##### EXTRACTED RECORDS

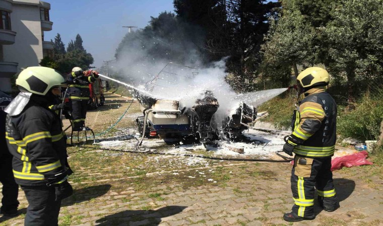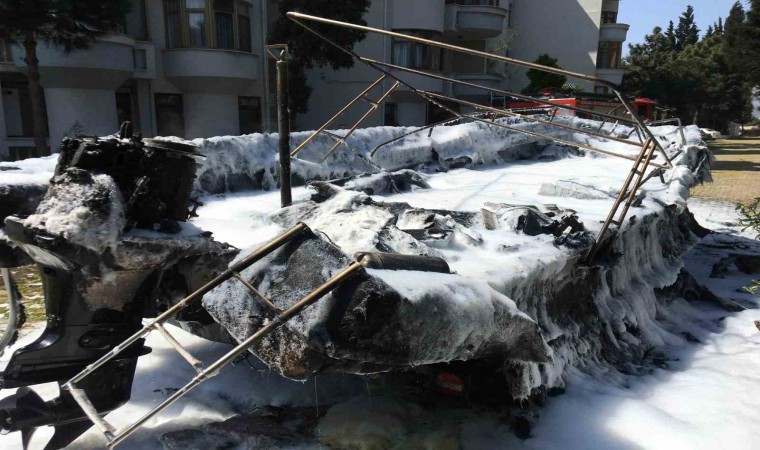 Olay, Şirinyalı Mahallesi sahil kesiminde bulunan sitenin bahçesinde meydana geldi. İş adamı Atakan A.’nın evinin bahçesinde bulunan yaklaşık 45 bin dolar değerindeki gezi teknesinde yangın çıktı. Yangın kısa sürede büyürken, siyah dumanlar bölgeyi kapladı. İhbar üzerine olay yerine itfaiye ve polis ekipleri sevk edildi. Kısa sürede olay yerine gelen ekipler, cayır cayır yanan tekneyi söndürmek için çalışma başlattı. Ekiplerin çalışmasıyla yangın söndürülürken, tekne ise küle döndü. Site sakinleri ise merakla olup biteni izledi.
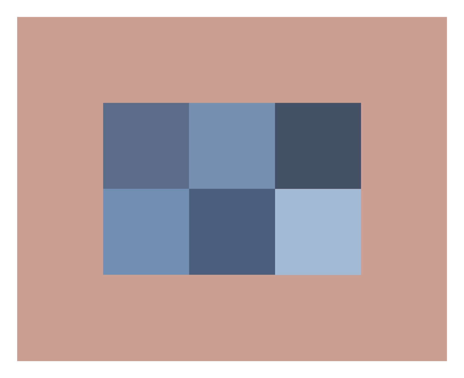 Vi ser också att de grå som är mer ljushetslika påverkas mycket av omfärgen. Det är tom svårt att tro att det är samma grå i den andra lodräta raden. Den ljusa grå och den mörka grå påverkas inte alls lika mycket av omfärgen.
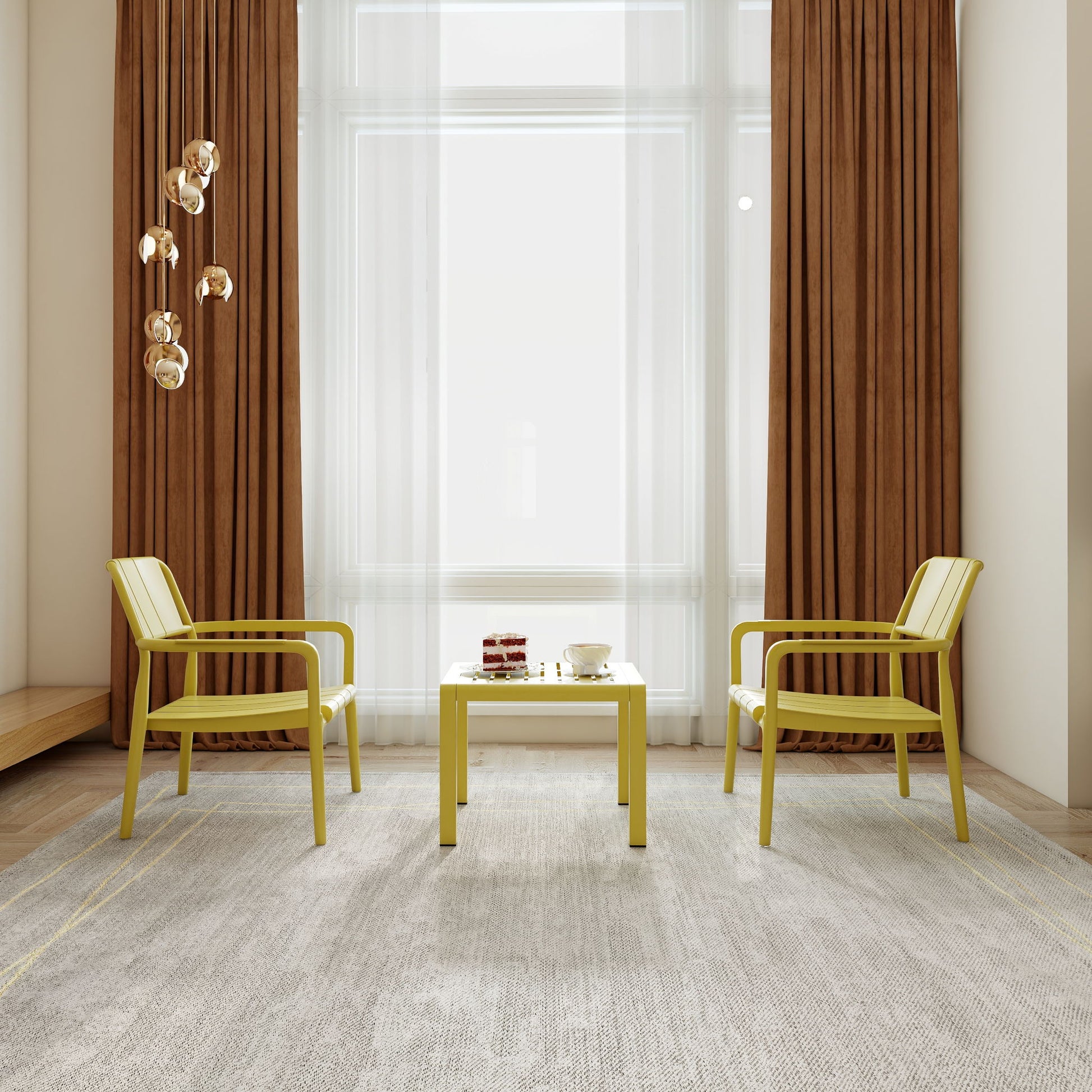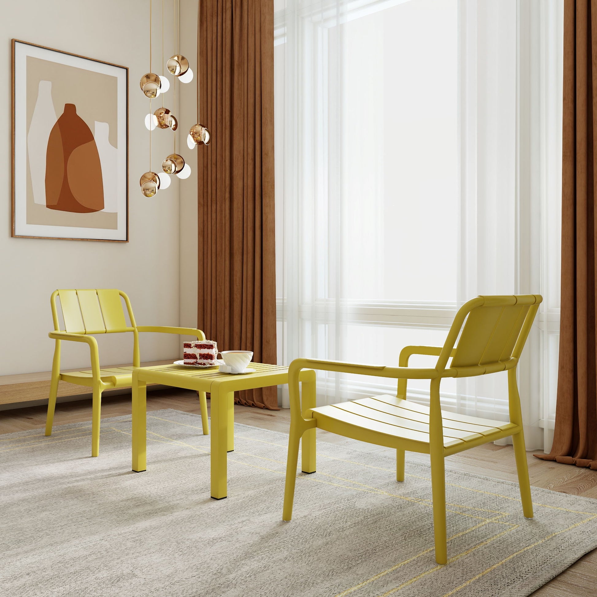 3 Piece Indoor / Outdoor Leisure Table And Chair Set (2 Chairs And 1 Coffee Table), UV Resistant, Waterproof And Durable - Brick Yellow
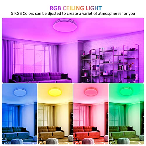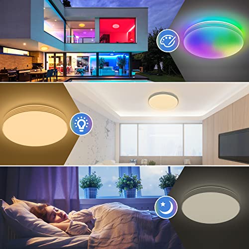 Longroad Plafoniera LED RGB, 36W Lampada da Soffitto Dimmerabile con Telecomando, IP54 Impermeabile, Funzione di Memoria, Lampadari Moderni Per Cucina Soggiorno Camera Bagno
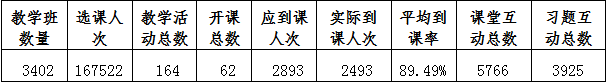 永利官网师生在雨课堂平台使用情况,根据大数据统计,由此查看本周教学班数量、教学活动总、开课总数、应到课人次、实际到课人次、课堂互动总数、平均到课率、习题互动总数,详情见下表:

##########

YOUR ASSIGNMENT: Transcribe exactly and only the lines from the top of the records through the line containing "Longroad Plafoniera LED", inclusive, and do not copy the pictures.

SOLVED EXERCISE:
 Olay, Şirinyalı Mahallesi sahil kesiminde bulunan sitenin bahçesinde meydana geldi. İş adamı Atakan A.’nın evinin bahçesinde bulunan yaklaşık 45 bin dolar değerindeki gezi teknesinde yangın çıktı. Yangın kısa sürede büyürken, siyah dumanlar bölgeyi kapladı. İhbar üzerine olay yerine itfaiye ve polis ekipleri sevk edildi. Kısa sürede olay yerine gelen ekipler, cayır cayır yanan tekneyi söndürmek için çalışma başlattı. Ekiplerin çalışmasıyla yangın söndürülürken, tekne ise küle döndü. Site sakinleri ise merakla olup biteni izledi.
 Vi ser också att de grå som är mer ljushetslika påverkas mycket av omfärgen. Det är tom svårt att tro att det är samma grå i den andra lodräta raden. Den ljusa grå och den mörka grå påverkas inte alls lika mycket av omfärgen.
 3 Piece Indoor / Outdoor Leisure Table And Chair Set (2 Chairs And 1 Coffee Table), UV Resistant, Waterproof And Durable - Brick Yellow
 Longroad Plafoniera LED RGB, 36W Lampada da Soffitto Dimmerabile con Telecomando, IP54 Impermeabile, Funzione di Memoria, Lampadari Moderni Per Cucina Soggiorno Camera Bagno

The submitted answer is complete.